I Believe Similar Conditions Could Be Caused by a
Precipitation of Fashionable Women's Shoes
The other day Nancy dropped me off somewhere as she went to run errands, with a vow she'd be back to get me "around a quarter 'til noon."  I will point out that Nancy's errands, as far as I could tell, were of a personal nature, whereas my business was strictly humanitarian: rescuing orphans from a burning building, if I recall.

I had told her I expected to be wrapped up with the orphans by eleven-thirty, but she was confident it would take at least forty-five minutes.  So she drove off and left me.

As I watched her tail lights disappear, I silently prayed, "Please don't let there be shoes."

Forgive me if the rest of this blog seems sexist, but in the spirit of honesty I must tell you my wife - like many other women, so I've been told - loses all sense of time when in the presence of shoes.  I have seen her walk through a department store at a reasonable clip and then passing by a display of shoes be sucked in like a hapless spaceship into a Black Hole.  For this very reason, I no longer go to department stores with her, or if I absolutely must, it will be after a promise we will not go near the shoe department.  I have seen my own despair reflected in the haunted eyes of my fellow men who have gone to the store only to have a one-hour shopping trip drag on into an entire afternoon because of their wives' helpless fascination with shoes.  Again, if this sounds sexist, so be it.

Atlanta is just now recovering from a snow storm which iced over the highways to such an extent, 85 was at an absolute standstill, and many motorists spent the entire night in their cars.  I believe similar conditions could be created if a sufficient number of fashionable women's shoes were to precipitate over the city.

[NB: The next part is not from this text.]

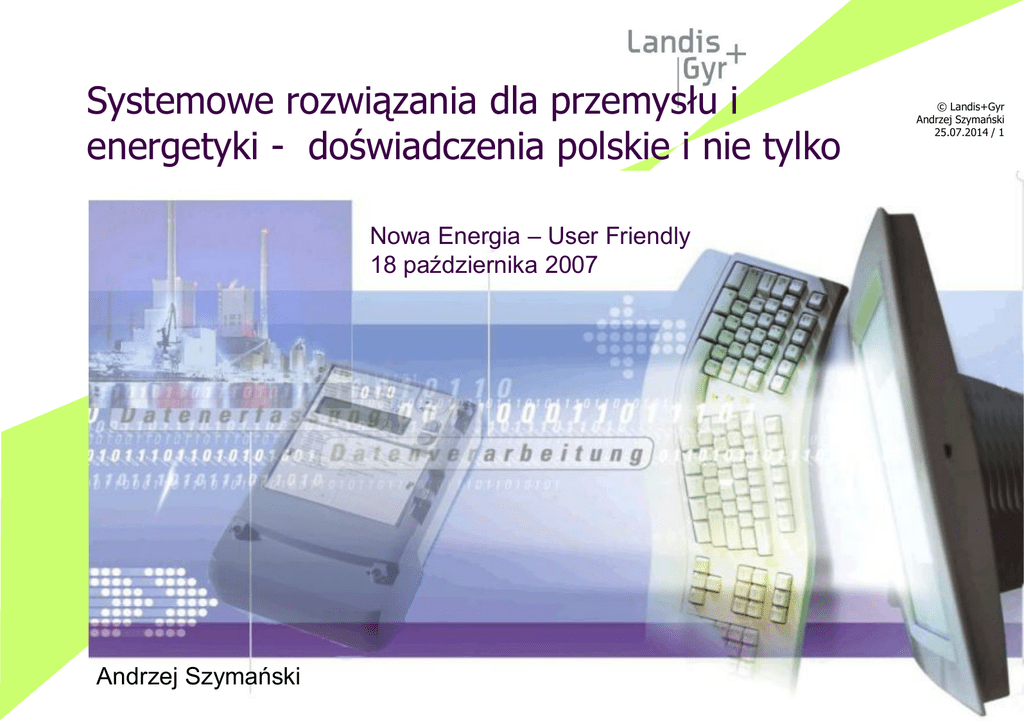 Systemowe rozwiązania dla przemysłu i energetyki - doświadczenia polskie i nie tylko Nowa Energia – User Friendly 18 października 2007 Andrzej Szymański © Landis+Gyr Andrzej Szymański 25.07.2014 / 1 Globalna Wizja Landis+Gyr © Landis+Gyr Andrzej Szymański 25.07.2014 / 2 Zbudować i wciąż rozwijać wiodącą grupę przemysłową w zaawansowanych rozwiązaniach systemowych dla efektywnego zarządzania energią i lepszego poszanowania środowiska naturalnego Partner ... ...zainteresowany wzrostem efektywności biznesowej klienta poprzez systemową obsługę zarządzania energią Podejście systemowe – kompletność kompetencji © Landis+Gyr Andrzej Szymański 25.07.2014 / 3 „Informacja na Rynku Energii jest najcenniejsza.” System to zbiór kompetencji : wiedza, doświadczenie, umiejętności Rozwiązanie systemowe powinno : • Być otwarte – bazować na uznanych standardach, posiadać kompatybilność wsteczną, • Bezpieczne – zagwarantować zachowanie tajemnic handlowych stronom, • Rozwojowe – mieć długi czas życia i możliwość rozwoju, skalowalności Stowarzyszenie dlms międzynarodowe standardy (IEC) © Landis+Gyr Andrzej Szymański 25.07.2014 / 4 IEC 62056-21: Direct Local Data Exchange (3rd edition of IEC 61107) IEC 62056-42: Physical layer services and procedures for connection oriented asynchronous data exchange IEC 62056-46: Data Link Layer using HDLC-Protocol IEC 62056-53: IEC 62056-61: IEC 62056-62: device COSEM Application Layer language OBISmessage Object Identification System specification Interface Objects dlms – więcej informacji na stronie : www.dlms.com Kod OBIS - standardy (IEC) /LGZ4\2ZMD4102100 F.F (00000000) 0.0.1 (417242) 0.1.0 (28) 0.1.2.04 (98-05-01 00:00) 1.2.1 (26068.7*kW) 1.2.2 (15534.8*kW) 1.6.1 (192.4*kW)(99-05-06 10:45) 1.6.1*04 (202.4)(99-04-22 09:30) 1.6.2 (086.7*kW)(99-05-04 22:30) 1.6.2*04 (100.9)(99-04-14 23:00) 1.8.1 (0244948*kWh) 1.8.1*04 (0234520) 1.8.2 (0082520*kWh) 1.8.2*04 (0078197) 5.8.1 (0106103*kvarh) . . . © Landis+Gyr Andrzej Szymański 25.07.2014 / 5 Standardowe systemy informatyczne © Landis+Gyr Andrzej Szymański 25.07.2014 / 6 Standardowe struktury informatyczne © Landis+Gyr Andrzej Szymański 25.07.2014 / 7 Primary Standby #08 HP-MSA500 HP-MSA500 9i 9i #05 AMR Zentrale SAP Metering code Standard Database Tables SAP IS-U ABAP Prog. MCAssign HP Server DL360 HP Server DL360 HP Server DL360 SAPISU_EDM_INTERFACE BAPI (EDM) HP Server DL360 HP Server DL360 Customer Contract #01 #02 LAN Device #03 Upload Loadprofile EtherLite GSM PST N #04 EtherLite GSM PST N Download Redout Orders SAPISU_CCS_INTERFACE #06 #09 Match Progr. Upload Billing Values Interfejs SAP BAPI (CCS) Konfiguracja HotStandby #07 System pomiarowo-rozliczeniowy Dane pomiarowe - liczniki - koncentratory Protokół transmisji danych Komunikacja - metoda - kanał transmisji - interfejs © Landis+Gyr Andrzej Szymański 25.07.2014 / 8 System informatyczny Baza Danych Produkty i rozwiązania dla każdego segmentu © Landis+Gyr Andrzej Szymański 25.07.2014 / 9 Liczniki najwyższej precyzji przesył Liczniki przemysłowe -dystrybucja Advanced Metering Solutions Grid & Transmission Industrial & Commercial  Systemy do zbierania & przetwarzania i kontroli  Rozwiązania „pok klucz”  Kierowanie projektem i wdrożenia Advanced Metering Solution  Serwis i wsparcie techniczne & praca na strukturze AMM converge Liczniki dla odb. komerc. Liczniki komunalne Residential System Converge – rozsądne połączenie pomiarów i rozliczenia © Landis+Gyr Andrzej Szymański 25.07.2014 / 10 Obsługa klienta GSM, GPRS, PSTN Baza danych • • • • • • • Odczyt danych Obróbka danych Dane rozliczeniowe Profile obciążenia Status licznika Zd. spontaniczne Praca automat. Trasy odczytowe Zdalna kontrola • • • • Taryfikacja Poprawność Rozliczenie Obróbka profili obciążenia • Informacje kontraktowe EDI (Energy Data Interchange) System billingowy Internetowy System informacji o poborze energii dla klienta końcowego © Landis+Gyr Andrzej Szymański 25.07.2014 / 11 www100 Server Klient www100 Ostatni rachunek Wizualizacja profilu obc Log On Skróty do zawartości Serwer danych www100 Wizualizacja profilu obc. Otwarte usługi (np. “Wyślij dane pomiarowe !”) Log On Publiczna zawartość sieci Web Hurtownia danych licznikowych Historia konta Zarządzanie klientami Klienci I&C Klienci komunalni Internet Explorer Referencje CONVERGE Siemens UK MDW (Converge, www100) Expanding to 2500 MP © Landis+Gyr Andrzej Szymański 25.07.2014 / 12 NUON, NL Meter Data Warehouse Incl. www100 & www200 50‘000 Load profiles NAM, NL MDW for Gas (& Electricity) Continuous acquisition (5 min) Czech Republic Installed Systems Several MDWs incl. www100 ASP, BE Hosted at Siemens BE Largest Internet Solution (End of 2003) 150 C2000 40 Converge 30 www100 200 MDE2 Energy Services, AT Meter Data Warehouse Interface to EDI-System ASP, CH Hosted at meter2cash Acquisition for NL (1600 MP) Slowenien Stw. Herne, DE Meter Data Warehouse (2) www100 MDW (Converge, www100) 1st SAP-EDM System in DE Transelectrica, RO EOS, CH Continuous acquisition (15 min) MUX-Systems (Fiber optic) ZFA/EDM, CH EnAlpin, Rhonewerke, Lugano, Davos Meter Data Warehouse Converge, www100 Zintegrowane i optymalne rozwiązania pomiarowe dla odbiorców komunalnych – system AIM © Landis+Gyr Andrzej Szymański 25.07.2014 / 13 Wygodny sposób integracji Unikalna platforma integracji (AIMIA) dla tworzenia w pełni funkcjonalnego, dwu kierunkowego, zintegrowanego z licznikami i infrastrukturą spółki systemu. Zaawansowany AMM Czwarta generacja systemu z funkcjami wspomagającymi podstawowe procesy spółek dystrybucyjnych. Wysoka skalowalność. Efektywna komunikacja Uniwersalne i kosztowo efektywne rozwiązania komunikacyjne dla klientów. Wysokiej klasy urządzenia Szeroki zakres liczników energii elektrycznej dla każdej grupy klientów i wszelkich wymagań biznesowych. Referencje skandynawskie © Landis

To give just one perfectly factual example, my wife patronizes a shoe store, the name of which eludes me, where they give her a little punch-card.  You know the sort of thing I mean, like at a sandwich shop, where they punch a card every time you get a sandwich, and then the tenth sandwich is free.  Think of the weirdness of this.  Reasonably, having eaten a sandwich on Monday, you might need another on Tuesday, but having bought one pair of shoes, how soon could you expect to need another, short of climbing the Himalayas or growing an extra pair of feet?  And by the time you'd worn out enough shoes to fill an entire punch-card , surely all the ice caps would have melted and the mountains sunken into plains.  And yet Nancy has redeemed her punch-card several times.

The mind reels.

Well, you'll be glad to know, Nancy was not late picking me up; she was there to pick me up at exactly a quarter 'til.  As a matter of fact, I was the one who kept her waiting.

But we're not talking about me.  We're talking about her.